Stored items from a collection
============================================================

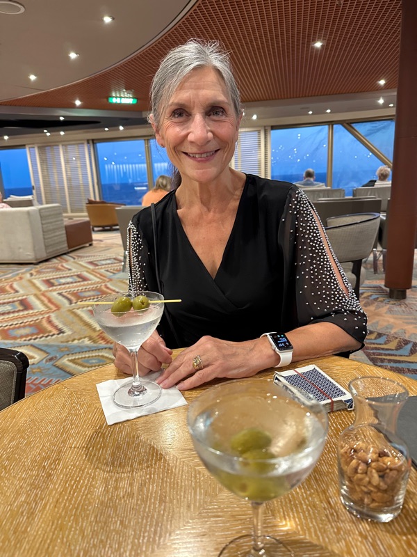 We had lunch in the dining room walked laps around the promenade, played cards and enjoyed another dinner chatting with Mark and Barb from Calgary.
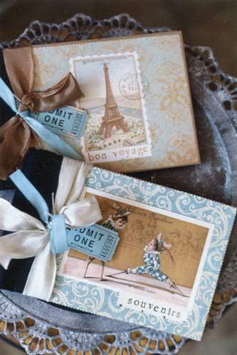 ![]() 4" x 7 1/2" photo book with assorted vintage french collages embellished with wired silk ribbon and a touch of glitter wholesale $12 each (min. 3 assorted) |
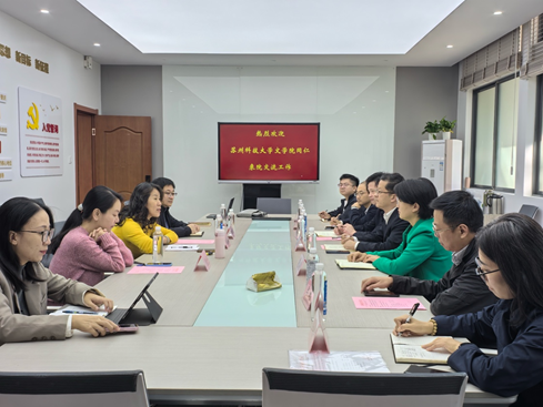 10月24日上午,苏州科技大学文学院院长路海洋、副院长孙虎一行7人来访我院,双方合作交流洽谈会在田家炳楼218顺利举行。洪爷
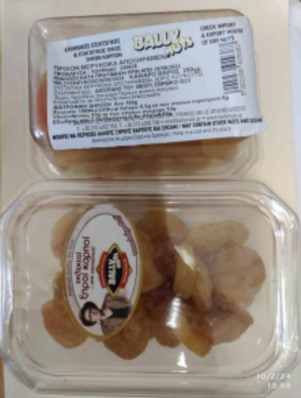 Ο Ενιαίος Φορέας Ελέγχου Τροφίμων (ΕΦΕΤ) και συγκεκριμένα η Περιφερειακή Δ/νση Ανατολικής Μακεδονίας & Θράκης κατά τη διενέργεια ελέγχων στο πλαίσιο του Προγράμματος επισήμου ελέγχου έτους 2024, για τον έλεγχο προσθέτων τροφίμων και αρωματικών ουσιών σε διάφορα είδη τροφίμων, προέβη σε δειγματοληψία τροφίμου με στοιχεία «Εκλεκτοί ξηροί καρποί BALLY NUTS ΒΕΡΥΚΟΚΑ ΑΠΟΞΗΡΑΜΕΝΑ ΠΡΟΕΛΕΥΣΗ: ΤΟΥΡΚΙΑΣ» σε πλαστική κλειστή συσκευασία 250γρ, με ημερομηνία συσκευασίας 28/08/2024 και ανάλωση κατά προτίμηση πριν από: 28/08/2025, που συσκευάζεται από την επιχείρηση, BALLY NUTS Κ.Μ. ΜΠΑΛΑΜΟΥΤΣΟΣ Ι.Κ.Ε., με έδρα Φαλήρου 32 ΤΚ 185 42 στον Πειραιά.
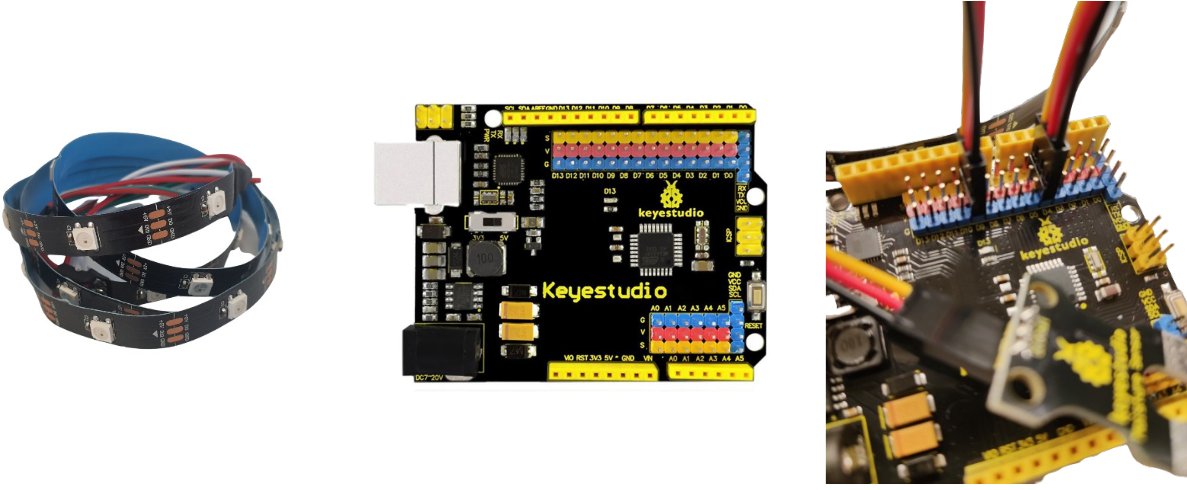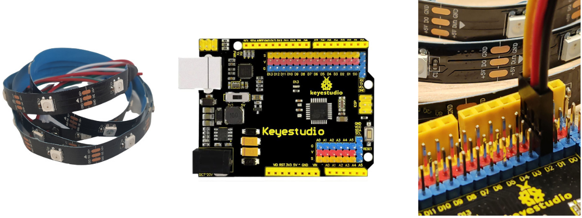 En primer lugar, conecta la tira de leds Neopixel en uno de los pines GVS, por ejemplo el pin D2, de la placa Keyestudio UNO como en la siguiente imagen:
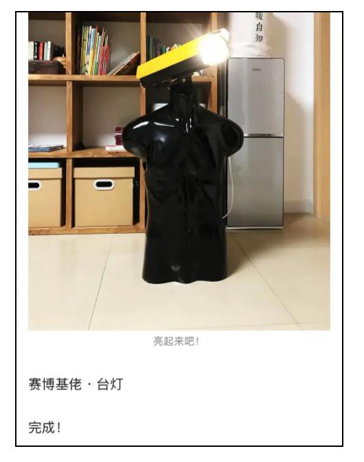 商场拆迁工地上捡到监控摄像头和废旧模特架,组装涂漆,变成“赛博台灯”。
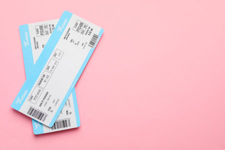 Travel agency. Flight tickets on pink background, top view. Space for text
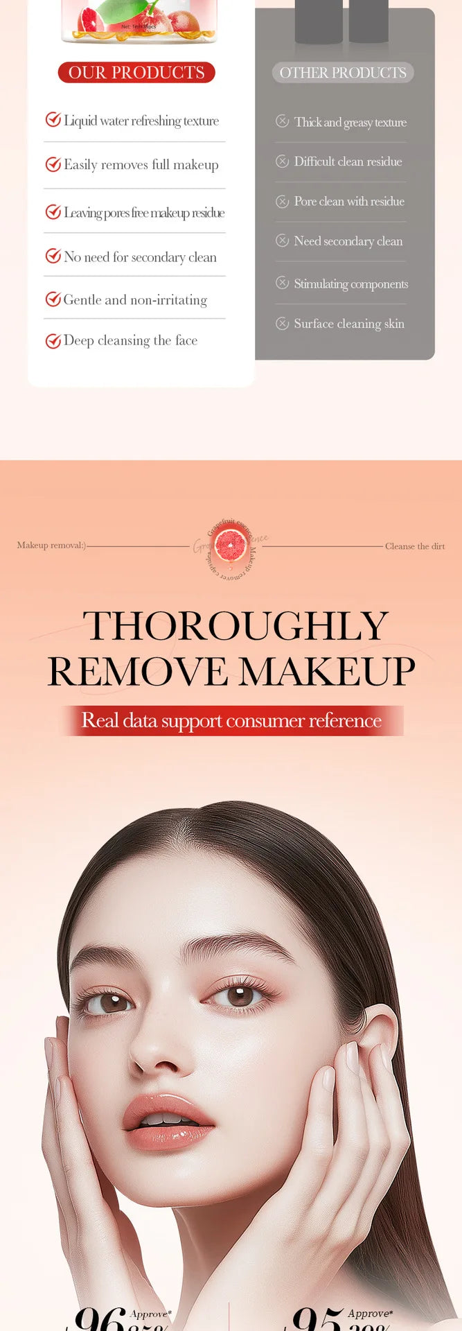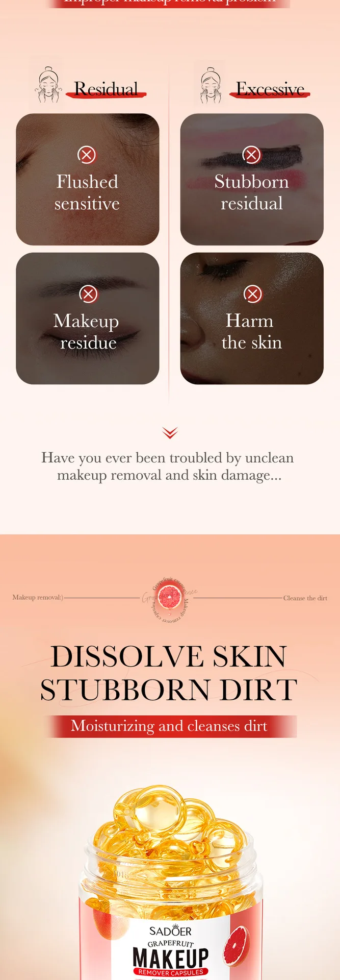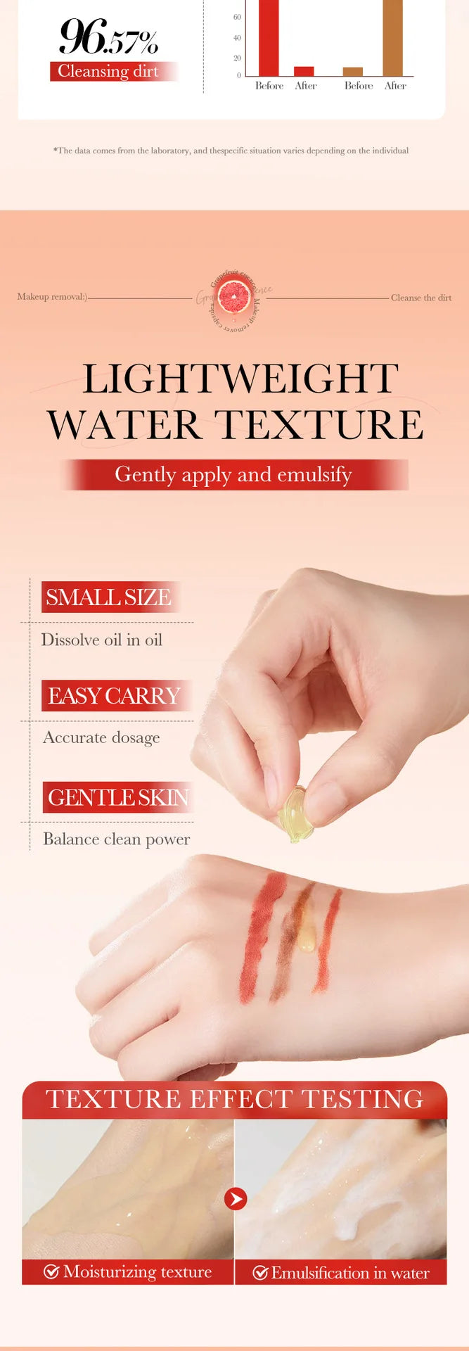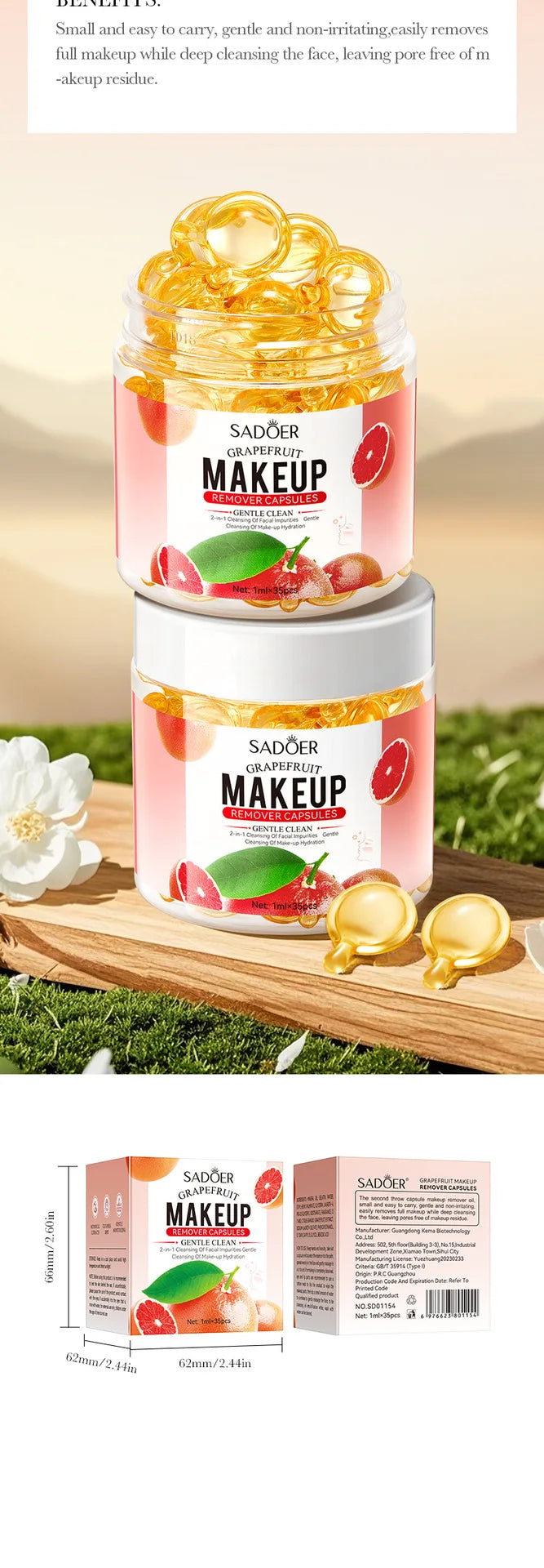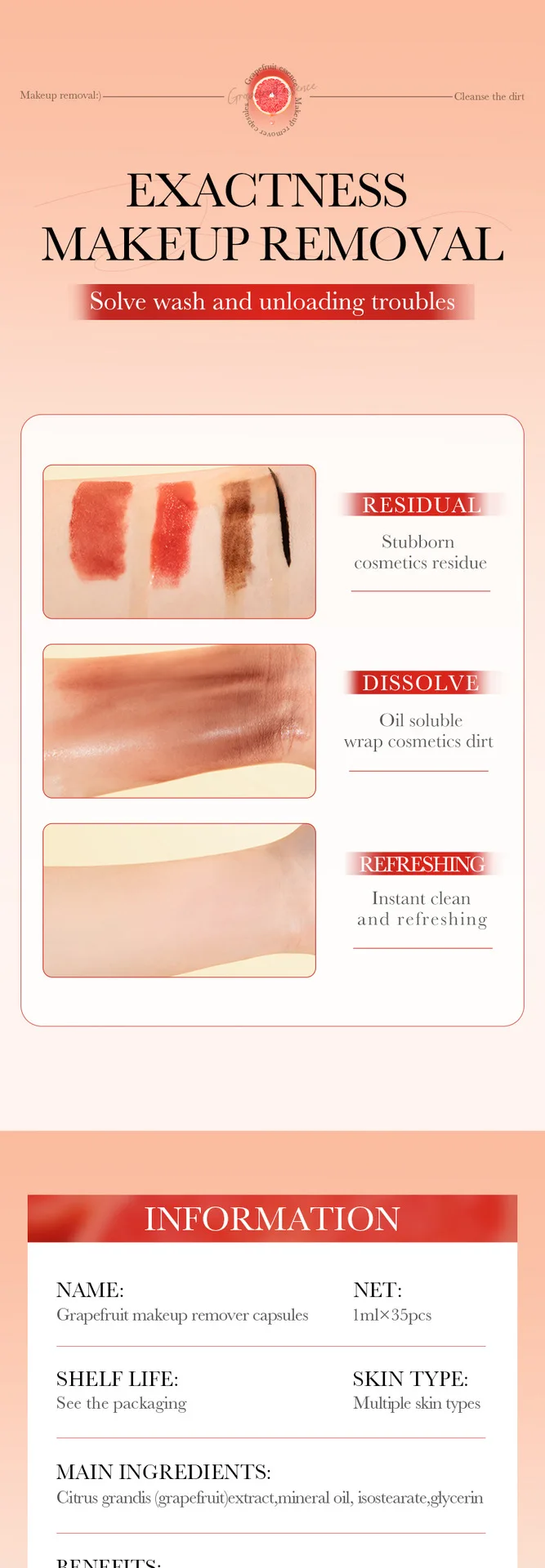 Grapefruit Makeup Remover Capsules - Makeup Remover Oil Cream Cleansing Dissolves Makeup Portable Makeup Remover Capsules
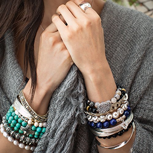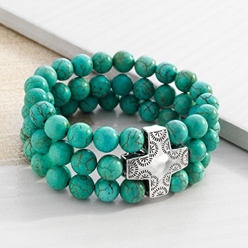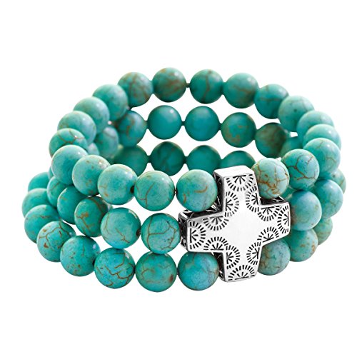 An iconic polished, sterling silver cross among a bevy of howlite beads shows your commitment both to high style and a higher power. The Devotion Stretch Bracelet creates a beautiful contrast against a coral sundress and strappy wedge sandals. Better yet, combine it with other Howlite accessories for a look that's super summery and oh-so-Silpada-ish. The green-blue round-shape howlite beads boasts a total weight of 308 ct. Bracelet measures 7 by 1 inches with an easy slip-on design. Piece comes with a ".925" sterling silver stamp as a symbol of guaranteed product quality
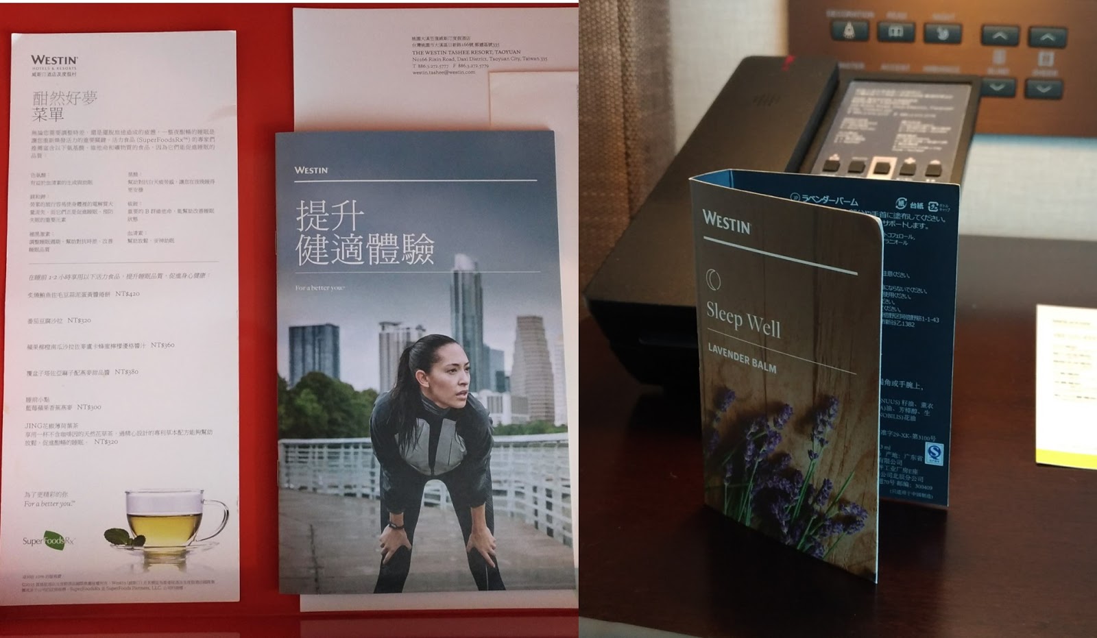 | 左: 威斯汀酣然好夢菜單(助眠餐飲,菜單在床頭櫃的紅盒中);右: 薰衣草香油瓶 |

============================================================

Produce the lines from the first line of the entries through the line that contains "10月24日上午,苏州科技大", exactly, leaving the pictures behind.

 We had lunch in the dining room walked laps around the promenade, played cards and enjoyed another dinner chatting with Mark and Barb from Calgary.
 ![]() 4" x 7 1/2" photo book with assorted vintage french collages embellished with wired silk ribbon and a touch of glitter wholesale $12 each (min. 3 assorted) |
 10月24日上午,苏州科技大学文学院院长路海洋、副院长孙虎一行7人来访我院,双方合作交流洽谈会在田家炳楼218顺利举行。洪爷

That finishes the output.